By Kelly Mather, CEO, Sonoma Valley Hospital
There’s been growing speculation about the special Sonoma Valley Health Care District board meeting scheduled for July 25 which the public is invited to attend, as always. I’d like to clarify what hospital administration is presenting at that meeting and why.
Administration is presenting a proposed budget for fiscal 2019, which includes the administration’s analysis on the viability of three service lines. We are recommending closing two services – Obstetrics and Skilled Nursing – and transferring Home Health Care to another local nonprofit. There are compelling reasons for these recommendations.
The idea to close the OB unit met with a major backlash when first addressed in 2009.
The hospital industry is being transformed by healthcare trends that are having a profound impact on community hospitals like ours. Small hospitals are quickly realizing they must reinvent themselves to have a role in this rapidly changing system.
It’s become clear that a community hospital can no longer try to be all things to all people but must refocus on essential community needs. This means emergency services and the critical services required to support it such as surgery, ICU, pharmacy, diagnostic imaging, and laboratory.
The biggest challenge we face is the rapid shift from inpatient to outpatient services. The combined impacts of dramatic advances in medical treatment and technology, reduced government reimbursement for services, and rising costs are causing a decline in the amount of time that patients spend in hospitals.
To keep our commitment to our community, SVH is focusing on how we can maintain the most important and highest utilized service – our Emergency Department. There’s no doubt that this service is greatly valued and necessary to ensure that our community has access to the high-quality healthcare it expects.
We are streamlining services with emphasis on those that contribute to the Hospital’s financial sustainability. We’re also investing in new outpatient services, such as the diagnostic services project recently approved by the board that will bring state-of-the-art technology to the hospital. A project, incidentally, funded entirely by our amazing donors.
The reality is that a small hospital today cannot continue to provide services that lose money, no matter how good those services are. For several years we’ve carefully examined each service to determine its financial viability. In the process, we’ve found that these three services are no longer sustainable despite our best efforts.

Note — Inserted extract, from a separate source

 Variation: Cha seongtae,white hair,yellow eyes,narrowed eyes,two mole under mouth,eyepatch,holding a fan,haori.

Skilled Nursing. Our Skilled Nursing Facility is excellent but is very small and is now losing money due to lower reimbursement and fewer patients. It had a loss in the past fiscal year and we project worsening performance in the coming year. The fact is, we are one of the few hospitals to still have a skilled nursing facility because it had traditionally contributed to the bottom line and is an excellent service for our community. Unfortunately, our size limits our ability to succeed in this service line. However, good alternatives are readily available as the community has several highly-rated SNFs to choose from.
Obstetrics. We know this has been a concern for some in our community. We heard you in 2014 when we raised the possibility of closing obstetrics. Since then, we’ve worked hard to make this service financially viable. But the continued decline in births locally, reflecting the national trend, has made the situation worse. We have an average of 2 births per week now, which is not sustainable. In FY 2018, the number of births at the hospital dropped for the second consecutive year, down 35% from 2015 and almost 50% from 2010. We estimate a loss of more than a half-million dollars for OB in the fiscal year ending June 2018.

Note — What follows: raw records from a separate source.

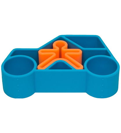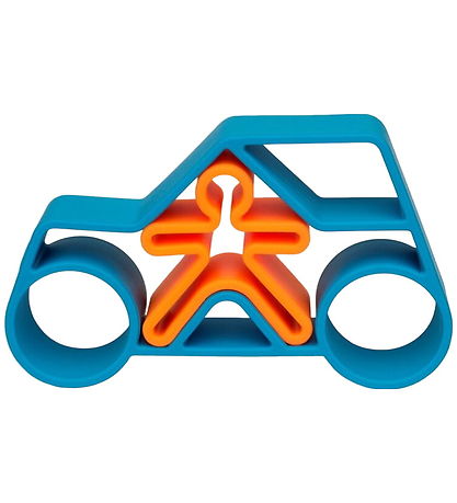 Smart Dëna teething toy, which consists of a blue car and an orange figure that fits into the car.
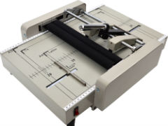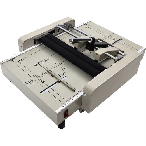 本体に紙をセットしたあと、ハンドルレバーを押し戻すだけで、ステープラーを打ち、自動で紙折りしてくれる。ハンドルレバーに手をかけてから最速3秒で中綴じ製本ができるという。用紙サイズはA3からA5までに対応。重ね折り枚数は推奨最大16枚。
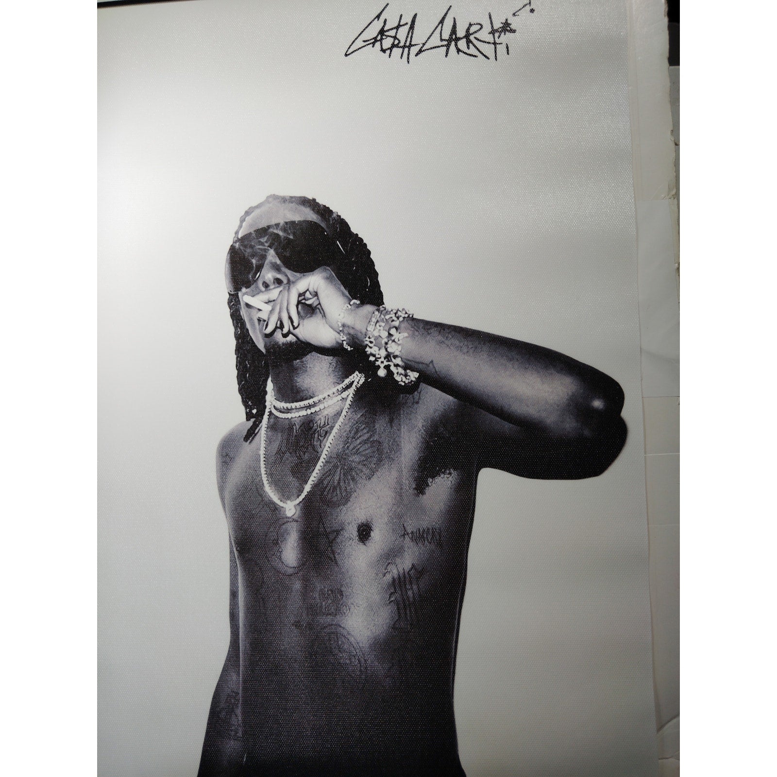 Bring bold hip hop style to your space with this Playboi Carti Album Cover Canvas Poster Print. Featuring a striking black-and-white portrait of the iconic rapper, this artwork captures the raw energy and aesthetic that defines modern rap culture. Perfect for fans of Carti, hip hop enthusiasts, or anyone looking to add an edgy statement piece to their wall décor. This 12x16" unframed canvas makes a standout addition to bedrooms, studios, music rooms, or living spaces.
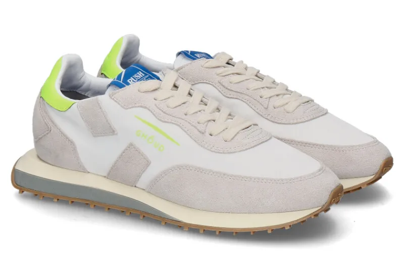 Der Ghoud Herren-Sneaker RUSH_C NYLON SUEDE in Weiß/Elephant überzeugt durch eine sportlich-elegante Optik und hochwertigen Materialmix. Gefertigt aus strapazierfähigem Nylon und weichem Veloursleder, kombiniert er Langlebigkeit mit modernem Design. Die herausnehmbare Textilsohle bietet individuellen Komfort und ermöglicht eine einfache Anpassung, ideal für vielseitige Einsätze.

Home Health Care. Our Home Health Care service is another gem and we are pleased to say we have an alternative to closing this department that will maintain the service in our community and retain staff. We realize this is an important service for many in our community, especially the elderly, and we’re in discussion to transfer the service to a large, local and highly respected nonprofit. We do not expect the community will experience any disruption in home care with this transfer.

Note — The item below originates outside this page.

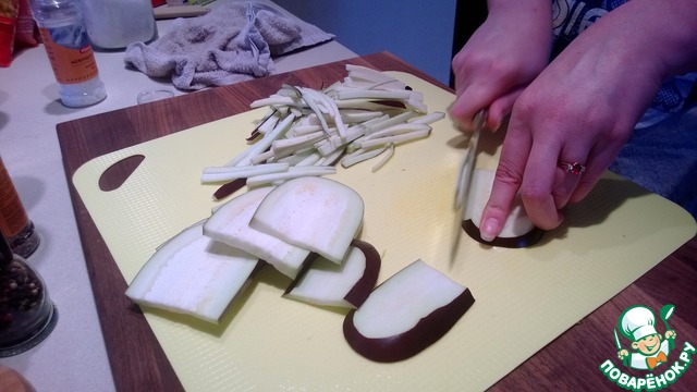 Баклажан нарезаем тонкими полосками.
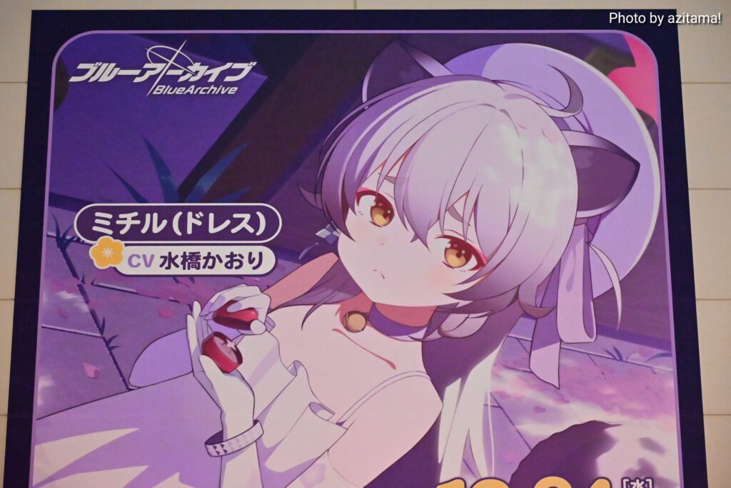 今回は『ブルアカ』ミチル(ドレス)ツクヨ(ドレス)の広告で、広告の左側ではミチル(ドレス)のメモリアルロビーが単独で登場。この場所での『ブルアカ』新規広告は今年の9月、『誰が為の芸術~偽飾の絵画と美学の行方~』以来となった。

No hospital wants to be in the position of closing services, especially high-quality services like these, but the financial realities of healthcare today are forcing hard decisions.
Some have asked why the increased parcel tax does not cover these shortfalls? The parcel tax is critical to hospital finances, but it’s not intended by itself to make the hospital financially sustainable. We need the parcel tax to supplement State and Federal insurance payments, mainly Medicare and Medi-Cal, which are below the cost of providing hospital services, and help ensure continued local access to hospital emergency room care and other critical services.
Fortunately, we have many services with positive, sustainable margins including surgery, outpatient rehabilitation, outpatient diagnostics, and special procedures such as wound care. Our new plans to combine Inpatient Services on one floor with ICU, Med/Surg and A Woman’s Place will result in positive margins for Inpatient Services as well.
Our success depends on physicians. So, we’ve focused on increasing access to specialist physicians such as Cardiology, Ob/Gyn, Orthopedics, General Surgery, Pain Management, Breast Surgery, Ophthalmology, Urology, Gynecology and ENT here at home. Working closely with UCSF, we will continue to bring even more specialty services to our community, including through telemedicine.
I believe we’re well along in the process of showing how SVH can reinvent itself to thrive in the years ahead while continuing to meet the critical healthcare needs of our community.
We thank our community for its continued support and assure you that we are committed to our vision of making Sonoma Valley Hospital the best community hospital in California.